◆ Task directions
Print the listing in its entirety and exactly, leaving out images.

◆ Source data
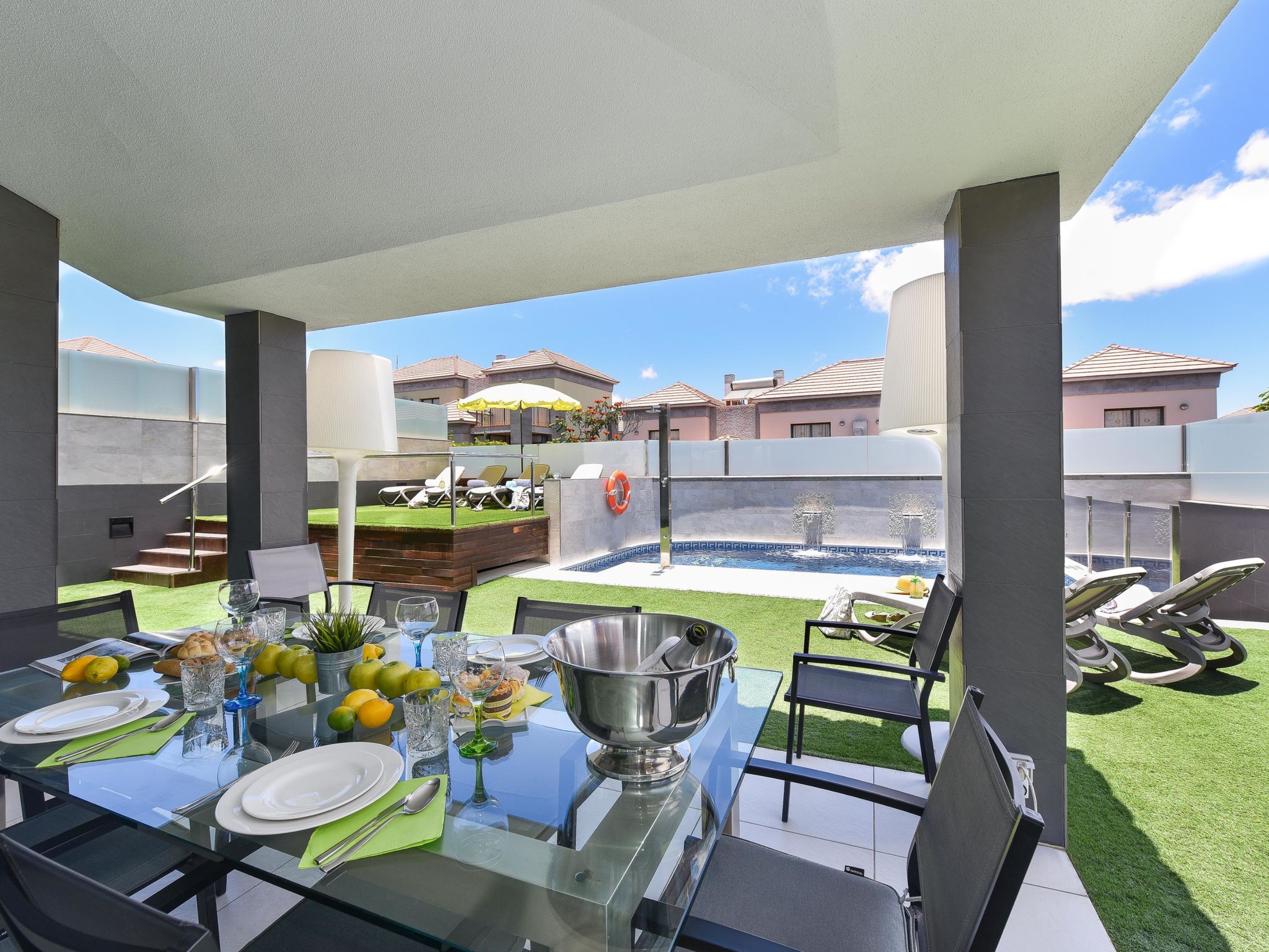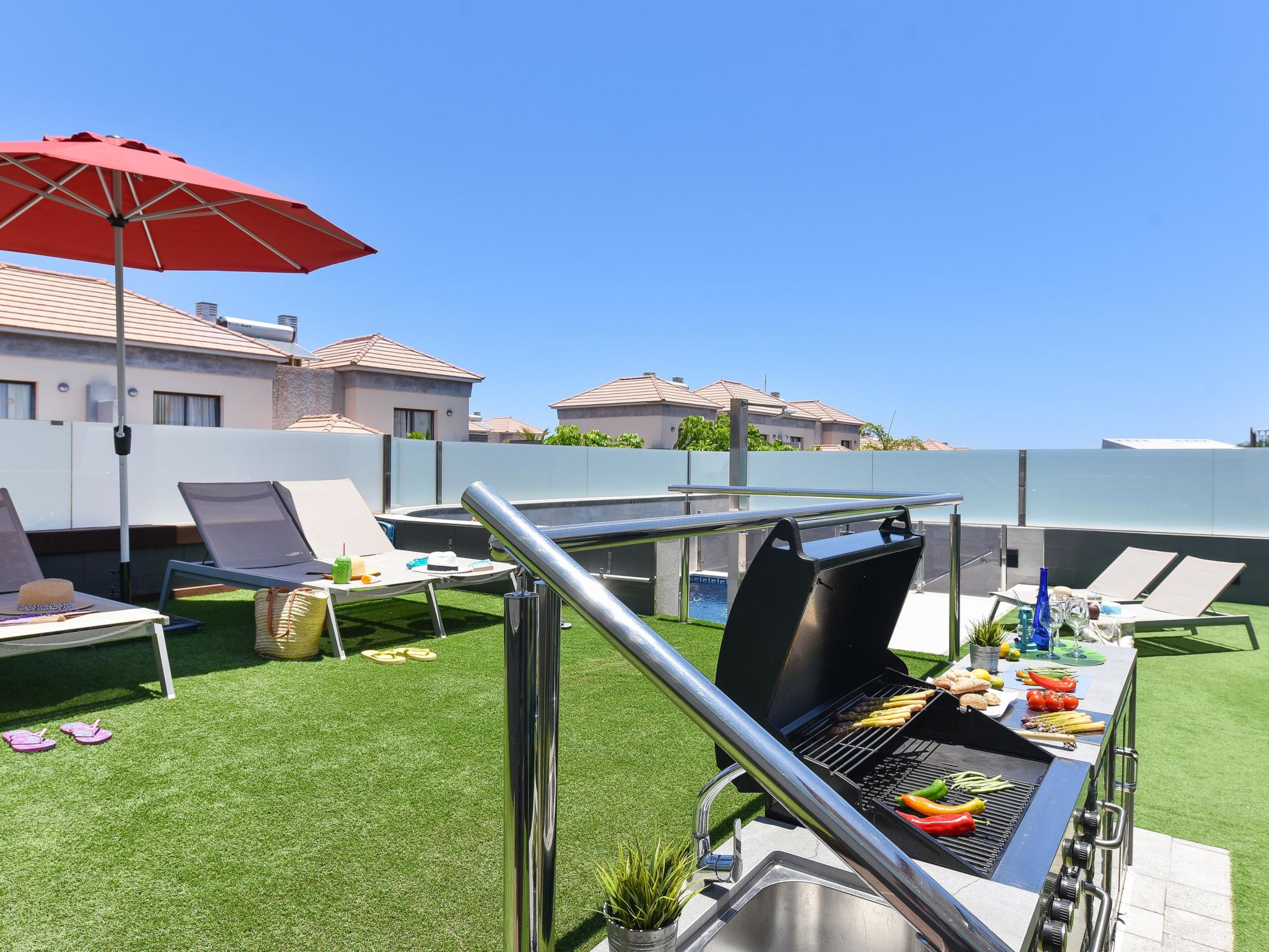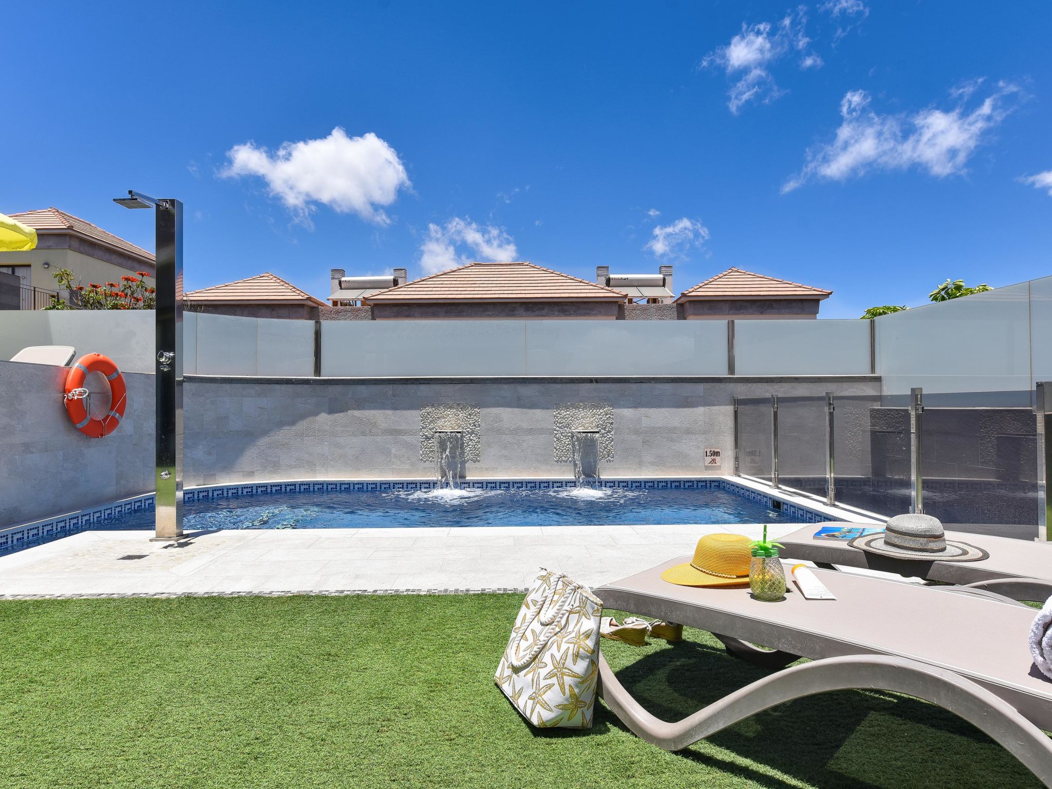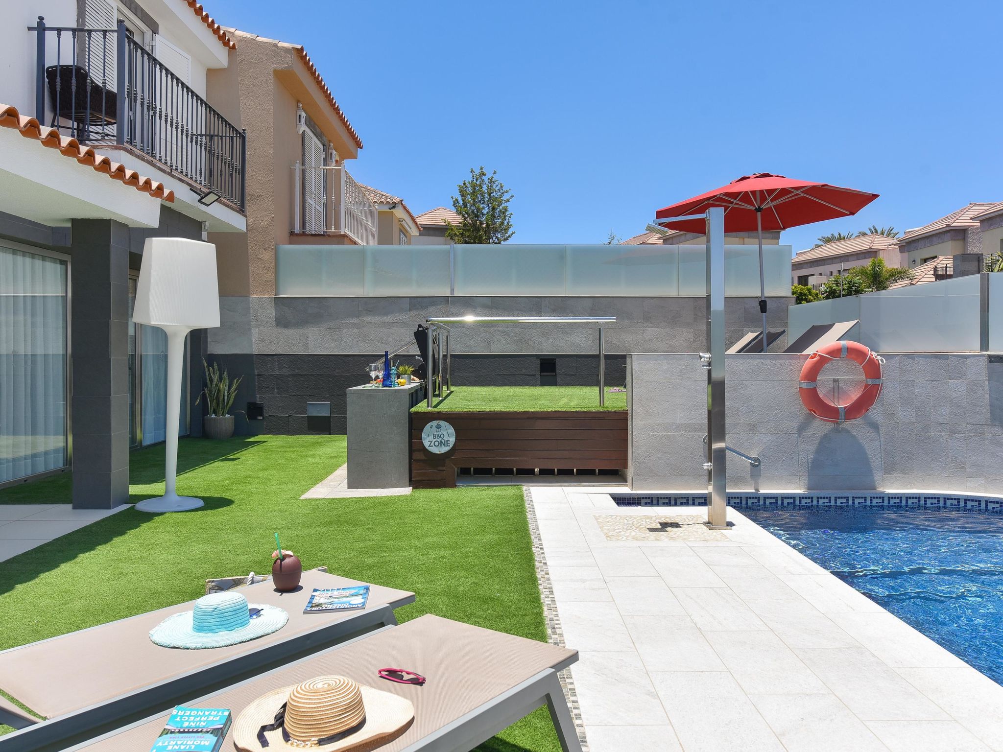 Maison individuelle moderne, luxueuse "Meloneras Hills 19". Au centre de Meloneras, en bordure de la localité Maspalomas, situation centrale, tranquille dans un quartier résidentiel, excellente situation: centrale mais tranquille. A usage privé: jardin (clôturé), piscine (4 x 2 m, profondeur 1 - profondeur 60 cm, disponibilité saisonnière: 01.Jan. - 31.Dec.). Douche extérieure, place de parking près de la maison. Magasins, magasin d'alimentation, supermarché 500 m, restaurant 100 m, arrêt de bus "Faro de Maspalomas" 1.2 km, plage de sable "300". Terrain de golf (18 trous) 2.4 km, tennis 500 m. Veuillez noter: voiture recommandée. Équipement pour bébés sur demande. Le propriétaire n'accepte pas les groupes de jeunes. Aéroport 33 km de la maison.
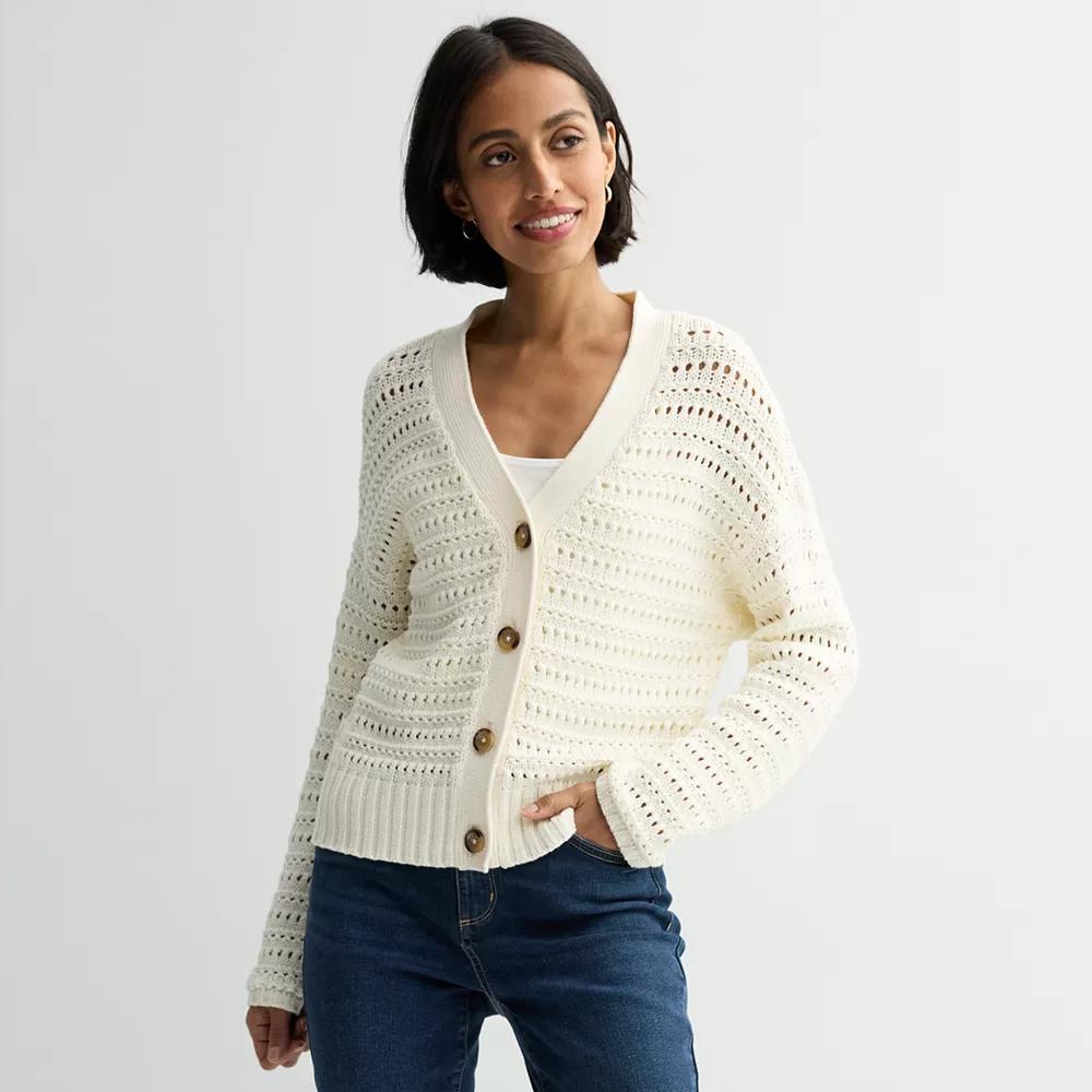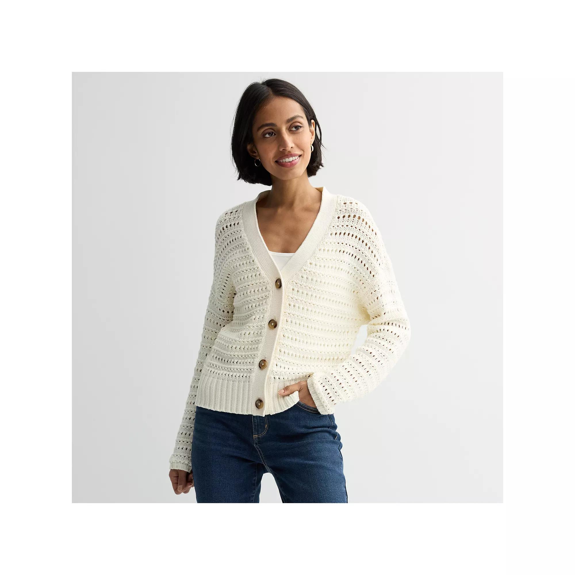 Spruce up your wardrobe with this women's open knit cardigan from Sonoma Goods For Life. Click on this WOMEN'S GUIDE to find the perfect fit and more!Spruce up your wardrobe with this women's open knit cardigan from Sonoma Goods For Life. Click on this WOMEN'S GUIDE to find the perfect fit and more!FEATURES V-neck Long sleeves with ribbed cuffs 4-button front Open stitch construction UnlinedFIT & SIZING 21.75-in. length from shoulder to hemFABRIC & CARE Cotton, acrylic Machine wash delicate ImportedRESPONSIBLE Supports more sustainable cotton farming Size: Large. Color: Ivory Silk. Gender: female. Age Group: adult.
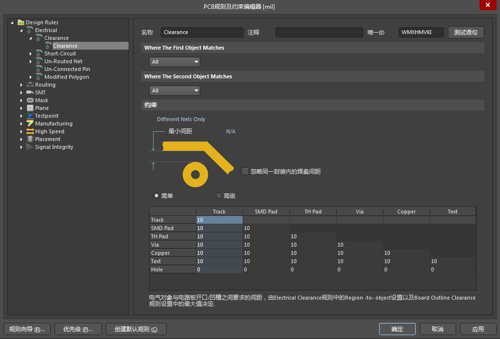 Design-rule-electrical-clearance中的右边的最下方可以设置最小间距为10mil。假如铺地间距要为20mil,可以右键点击clearance,选择new rules,新建规则。选择新建立的规则,在“Where the first object macthes”中选择“net”,然后再右边的下拉菜单中选择“GND”(铺地的网络),然后将起约束条件中右边的最下方的值改为20mil即可。
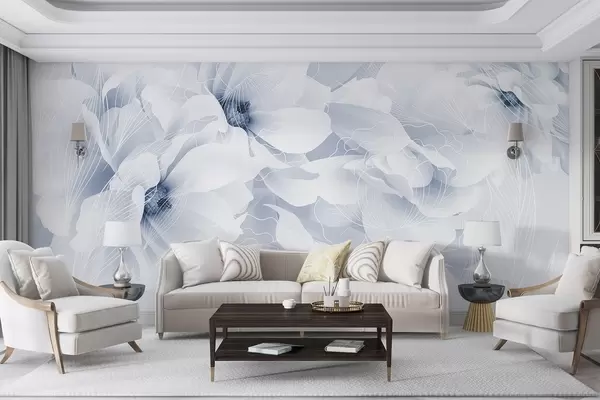 murais de parede Flores de peônia em tons pastéis com pétalas delicadas brancas e azuis e linhas brancas em um fundo azul claro w08826
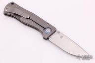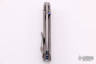 This Small Epicenter by Todd Rexford features a hand rub satin finished spear point blade with false top edge, notched thumbrest and an anodized titanium thumbstud. The handle has a bead blasted titanium frame with a matching tip up clip, anodized titanium barrel spacers, lanyard hole. The handle has been engraved by "DCL 11". Nice detent, lockup and blade seating. Comes with a Velcro case. Has some light scuffs and scratches, otherwise excellent condition.
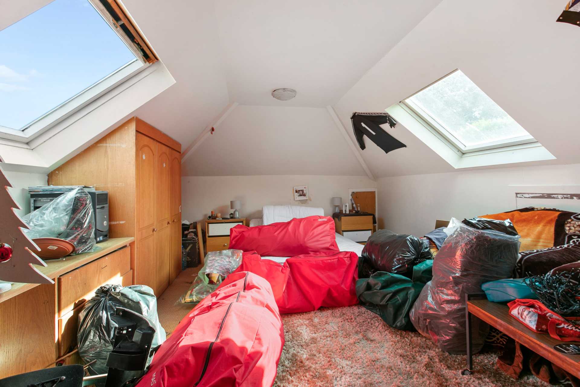 Double bedroom. Carpet. Curtains. Currently used as a storage space.
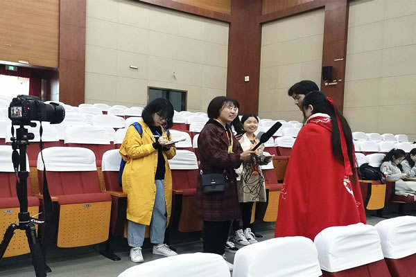 赛场上,我校参赛选手身着明制汉服,活化国学文化元素,瞬间引发全场热议并接受了记者专访,彰显了我校深厚的中华民族传统文化底蕴和专业特色。

◆ Response to the task
 Maison individuelle moderne, luxueuse "Meloneras Hills 19". Au centre de Meloneras, en bordure de la localité Maspalomas, situation centrale, tranquille dans un quartier résidentiel, excellente situation: centrale mais tranquille. A usage privé: jardin (clôturé), piscine (4 x 2 m, profondeur 1 - profondeur 60 cm, disponibilité saisonnière: 01.Jan. - 31.Dec.). Douche extérieure, place de parking près de la maison. Magasins, magasin d'alimentation, supermarché 500 m, restaurant 100 m, arrêt de bus "Faro de Maspalomas" 1.2 km, plage de sable "300". Terrain de golf (18 trous) 2.4 km, tennis 500 m. Veuillez noter: voiture recommandée. Équipement pour bébés sur demande. Le propriétaire n'accepte pas les groupes de jeunes. Aéroport 33 km de la maison.
 Spruce up your wardrobe with this women's open knit cardigan from Sonoma Goods For Life. Click on this WOMEN'S GUIDE to find the perfect fit and more!Spruce up your wardrobe with this women's open knit cardigan from Sonoma Goods For Life. Click on this WOMEN'S GUIDE to find the perfect fit and more!FEATURES V-neck Long sleeves with ribbed cuffs 4-button front Open stitch construction UnlinedFIT & SIZING 21.75-in. length from shoulder to hemFABRIC & CARE Cotton, acrylic Machine wash delicate ImportedRESPONSIBLE Supports more sustainable cotton farming Size: Large. Color: Ivory Silk. Gender: female. Age Group: adult.
 Design-rule-electrical-clearance中的右边的最下方可以设置最小间距为10mil。假如铺地间距要为20mil,可以右键点击clearance,选择new rules,新建规则。选择新建立的规则,在“Where the first object macthes”中选择“net”,然后再右边的下拉菜单中选择“GND”(铺地的网络),然后将起约束条件中右边的最下方的值改为20mil即可。
 murais de parede Flores de peônia em tons pastéis com pétalas delicadas brancas e azuis e linhas brancas em um fundo azul claro w08826
 This Small Epicenter by Todd Rexford features a hand rub satin finished spear point blade with false top edge, notched thumbrest and an anodized titanium thumbstud. The handle has a bead blasted titanium frame with a matching tip up clip, anodized titanium barrel spacers, lanyard hole. The handle has been engraved by "DCL 11". Nice detent, lockup and blade seating. Comes with a Velcro case. Has some light scuffs and scratches, otherwise excellent condition.
 Double bedroom. Carpet. Curtains. Currently used as a storage space.
 赛场上,我校参赛选手身着明制汉服,活化国学文化元素,瞬间引发全场热议并接受了记者专访,彰显了我校深厚的中华民族传统文化底蕴和专业特色。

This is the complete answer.